Mitigating the Harm of Recommender Systems
How to counter the radicalizing effects of recommender systems or ways to prevent algorithmic discrimination.
Threats of Recommender system?
RECOMMENDATION ENGINES are perhaps the biggest threat to societal cohesion on the internet and offline.
The recommendation engines we engage with are broken in ways that have grave consequences: amplified conspiracy theories, gamified news, nonsense infiltrating mainstream discourse, misinformed voters. Recommendation engines have become The Great Polarizer.
YouTube algorithm seems to have concluded that people are drawn to content that is more extreme than what they started with — or to incendiary content in general.
YouTube leads viewers down a rabbit hole of extremism, while Google racks up the ad sales.
How can we make the internet’s recommendation engines more ethical ?
The systems don’t actually understand the content, they just return what they predict. That’s because their primary function is to help achieve one or two specific key performance indicators (KPIs) chosen by the company.
As extreme, polarizing, and sensational content continues to rise to the top, it’s increasingly obvious that curatorial algorithms need to be tempered with additional oversight, and reweighted to consider what they’re serving up.
Project Redirect, an effort by Google Jigsaw, redirects certain types of users who are searching YouTube for terrorist videos—people who appear to be motivated by more than mere curiosity. Rather than offer up more violent content, the approach of that recommendation system is to do the opposite—it points users to content intended to de-radicalize them. This project has been underway around violent extremism for a few years, which means that YouTube has been aware of the conceptual problem, and the amount of power their recommender systems wield, for some time now.

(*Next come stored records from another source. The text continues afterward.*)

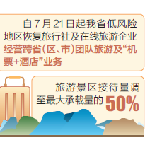 同时,调整旅游景区限量措施。旅游景区要继续贯彻落实“限量、预约、错峰”要求,接待游客量由不得超过最大承载量的30%调至50%。在严格落实各项防控措施的前提下,采取预约、限流等方式,开放旅游景区室内场所。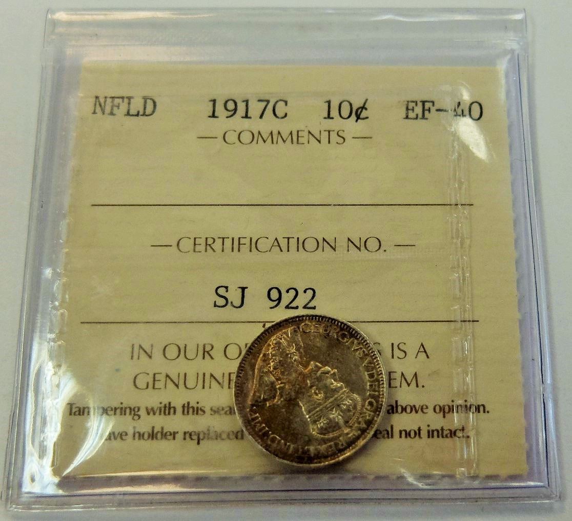 NEWFOUNDLAND-10 CENT 1917C ICCS EF40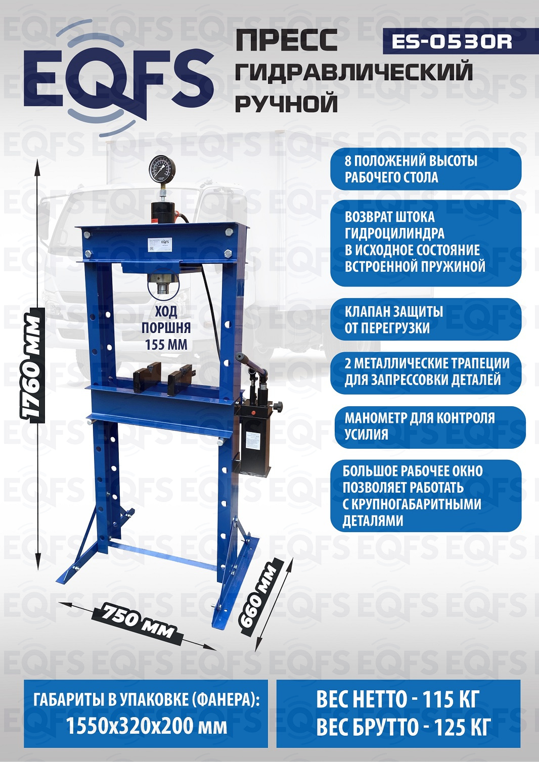 Конструктивные особенности пресс 30 тонн гидравлический ручной ES0530R: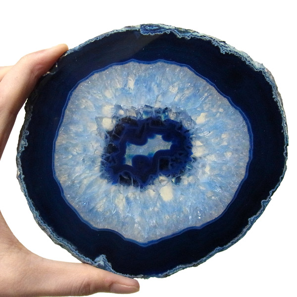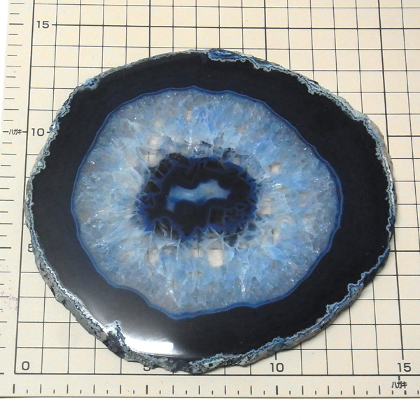 ブラジル産メノウを染色し、薄くスライスした色鮮やかなメノウスライスです。 カラーはブルー、大きさは特大サイズです。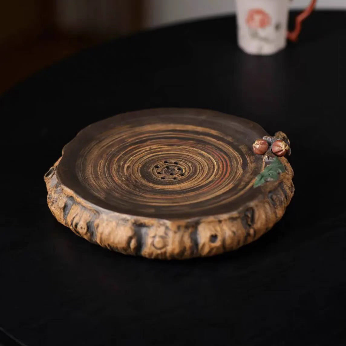 宜兴紫砂【桃子壶承双层可储水】直径18CM创意仿生桃子家用茶盘壶托茶盘

Implementing choice architecture, a term for the way that information or products are presented to people in a manner that takes into account individual or societal welfare while preserving consumer choice.
Methodology for Learning, Analyzing, and Mitigating Bias in Ratings?
Article proposed a methodology to 1) learn, 2) analyze, and 3) mitigate the effect of social influence bias in recommender systems.
Learning phase: a baseline dataset is established with an initial set of participants by allowing them to rate items twice: before seeing the median rating, and again after seeing it.
Analysis phase: a new non-parametric significance test based on the Wilcoxon statistic can quantify the extent of social influence bias in this data.If this bias is significant, it propose a Mitigation phase.
Mitigation Phase :where mathematical models are constructed from this data using polynomial regression and the Bayesian Information Criterion (BIC) and then inverted to produce a filter that can reduce the effect of social influence bias.
Conclusion: These results suggest that social influence bias can be significant in recommender systems and that this bias can be substantially reduced with machine learning. To apply this methodology to other recommender systems, a key question for future work is how is how to extend the approach to large item inventories and how much training data is required in such cases. One idea is to cluster/classify items into a small number of representative categories and train a model for each category. We believe that selecting an optimal set of items for training in this context may be posed as a submodular maximization problem.